[Your assignment] Reproduce all of the entries character for character, while leaving out any pictures they contain.
☆ ☆ ☆ ☆ ☆ ☆ ☆
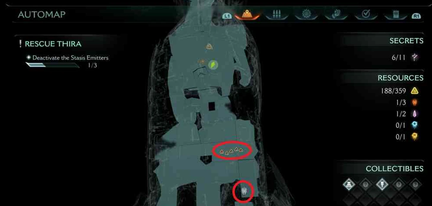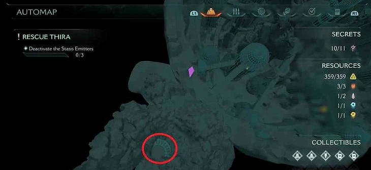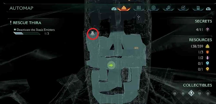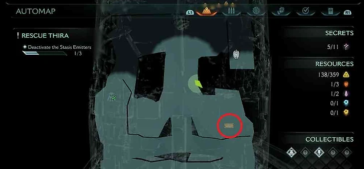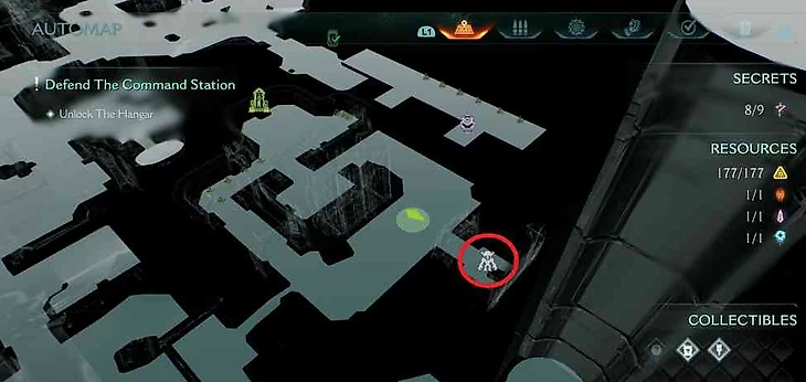 После получения желтого ключа спуститесь и откройте желтые ворота справа — там спрятаны секретный предмет, коллекционная фигурка «Космический барон» и кодекс «Воскрешение».
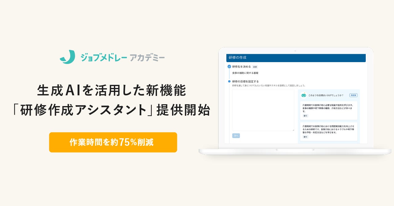 メドレーは2023年5月18日、介護・障がい福祉事業所向けのオンライン動画研修サービス「ジョブメドレーアカデミー」に、Azure OpenAI ServiceのGPTモデルを活用した「研修作成アシスタント」機能の提供を開始しました。
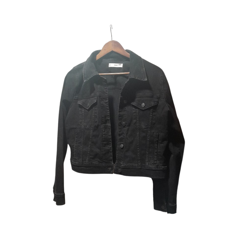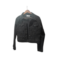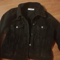 Lyhyt musta farkkutakki, napit edessä, rintataskut.
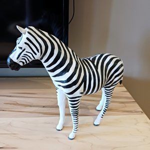 VINTAGE ZEBRA Art Sculpture HANDMADE LEATHER PAPER MACHE w/glass eyes 12" tall
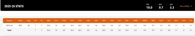 實際上這場比賽后,楊瀚森在G聯賽場均29.4分鐘,拿到19.3分9.7籃板3.3助攻0.9搶斷1.2蓋帽,命中率66.7%,三分命中率36.4%,這個數據真的不差。
☆ ☆ ☆ ☆ ☆ ☆ ☆
[Output]
 После получения желтого ключа спуститесь и откройте желтые ворота справа — там спрятаны секретный предмет, коллекционная фигурка «Космический барон» и кодекс «Воскрешение».
 メドレーは2023年5月18日、介護・障がい福祉事業所向けのオンライン動画研修サービス「ジョブメドレーアカデミー」に、Azure OpenAI ServiceのGPTモデルを活用した「研修作成アシスタント」機能の提供を開始しました。
 Lyhyt musta farkkutakki, napit edessä, rintataskut.
 VINTAGE ZEBRA Art Sculpture HANDMADE LEATHER PAPER MACHE w/glass eyes 12" tall
 實際上這場比賽后,楊瀚森在G聯賽場均29.4分鐘,拿到19.3分9.7籃板3.3助攻0.9搶斷1.2蓋帽,命中率66.7%,三分命中率36.4%,這個數據真的不差。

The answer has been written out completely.